The chance was a visit in August to Camp Phoenix, a summer camp held at the north end of Lake Samish.
Following a morning conditioning workout, the Vikings packed their gear and made the short drive south on a warm, sunny day to play 11-on-11 soccer games.
The camp, however, was much different than the norm. All 35 children were burn victims who had come from all over the country to attend.
I've done Top Soccer before, but this camp was with kids with physical disabilities," said WWU player Kurtis Pederson, a sophomore from Puyallup (graduate of Bellarmine Prep). "I didn't know how I'd be able to cope with it at first."
Camp Phoenix is part of the Burned Children Recovery Foundation, an organization that helps burn victims and their families deal with their tragedies.
The purpose of the camp is to help the children feel good about themselves and how they interact with others, including people who have not been burned.
Michael T. Mathis, who founded the BCRF in 1989, understands intimately what these children are dealing with.
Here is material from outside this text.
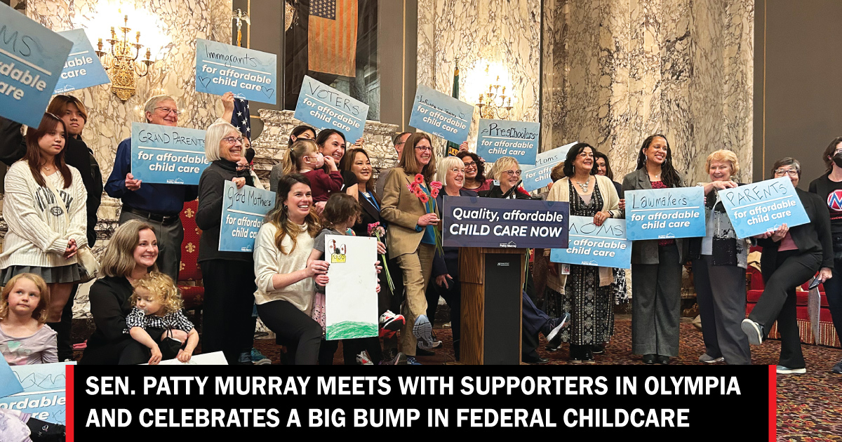 OLYMPIA, Wash., January 19, 2023—U.S. Senator Patty Murray (D-Washington) was in Olympia January 18 to promote passage of a $1.85 billion increase in federal funding for the Child Care and Development Block Grant which will help improve childcare programs across the nation.

In 1967, at age 11, he was a victim of a fire that left him with burns over 60 percent of his body.
"It's unacceptable to allow these children to hide," Mathis said. "When you make the choice to hide, nobody wins."
Each year, approximately 280,000 children in the United States are victims of tragic burns. This number may seem shocking to some since many victims hide in isolation, fearful and unsure how to deal with their circumstances.
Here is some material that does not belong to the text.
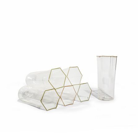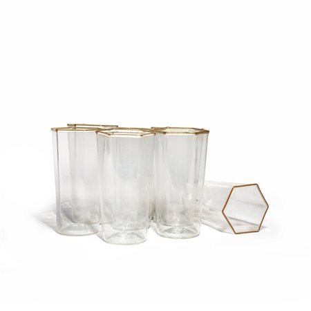 Sei bicchieri esagonali in vetro trasparente con bordo di avventurina.

This was not the case with the campers at Camp Phoenix, who where extremely welcoming of the team's presence.
"They came up to us," Pederson said with a smile. "They kind of ended up leading things. It was kind of the opposite of what I thought it would be."
Each year the camp is held at several locations around northwest Washington, providing opportunities for children to deal with their struggles in order to live a successful life.
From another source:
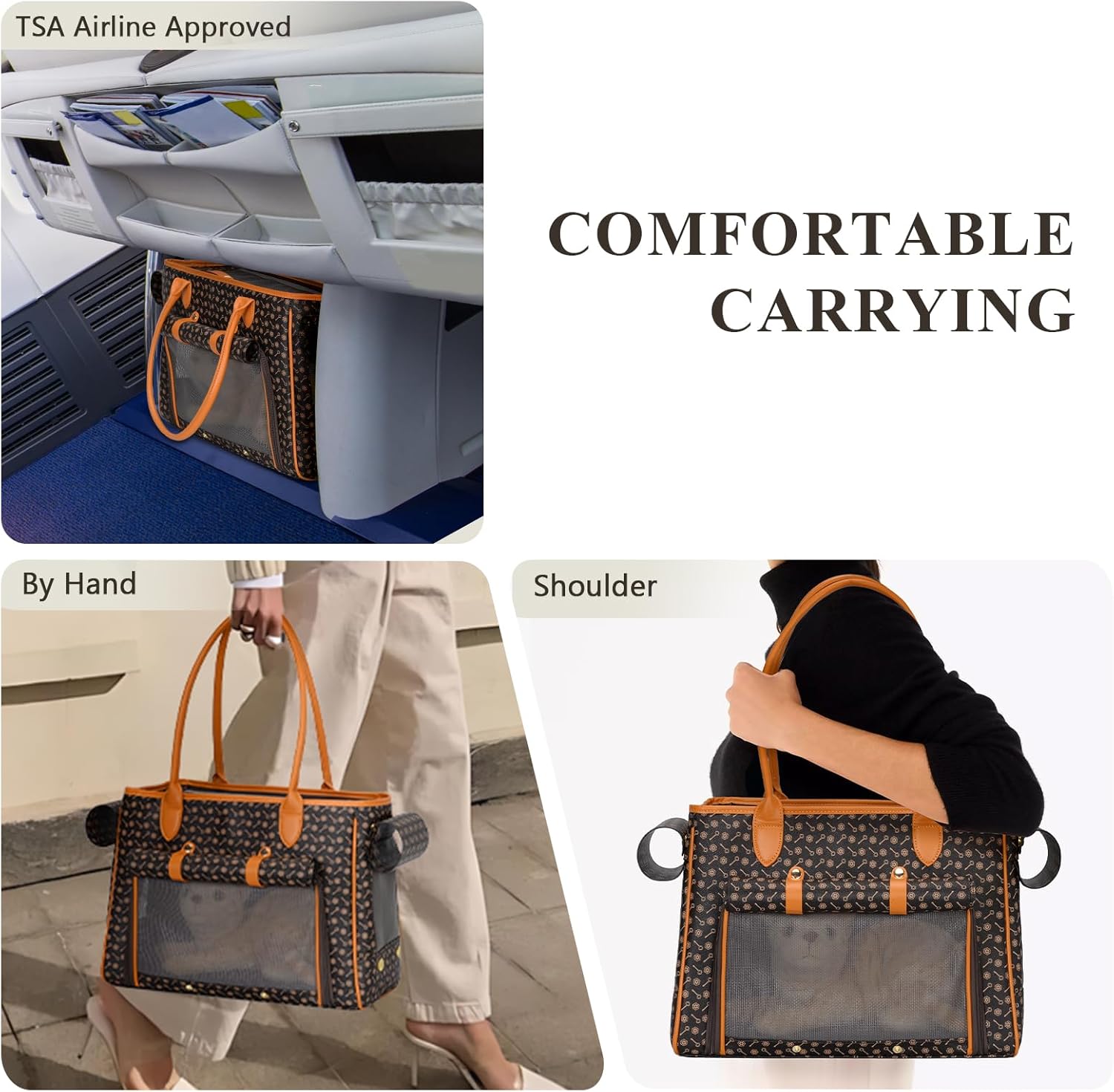 Minsong Fashion Pet Carrier Purse for Small Cat and Dog, Luxury Pu Soft-Sided Tote Bag with Large Pockets for Dogs and Puppies (Coffee, 15.8" L x 7.5" W x 11.8" H)

"I thought it was a great experience for everyone," said Brisbon. "The guys did an awesome job. It showed how fortunate we are and it was a good way to give back."
The camp proved to be just as meaningful and memorable to the Vikings as it was for the campers.
Bailey Martin, a senior from Tacoma Washington, credits the experience for bringing the team closer this season. And WWU is enjoying an outstanding year, going unbeaten in six games during one stretch, its longest streak since 2007.
"I think it was a good team-building event," said Martin. "Being able to hang out with these kids and share our experiences together. It made us more of a unit."
The experience is something that Brisbon wants to continue.
"I would definitely do it again in a heartbeat," Pederson said. " I'm sure they are doing it next year and I'm sure we'll be there.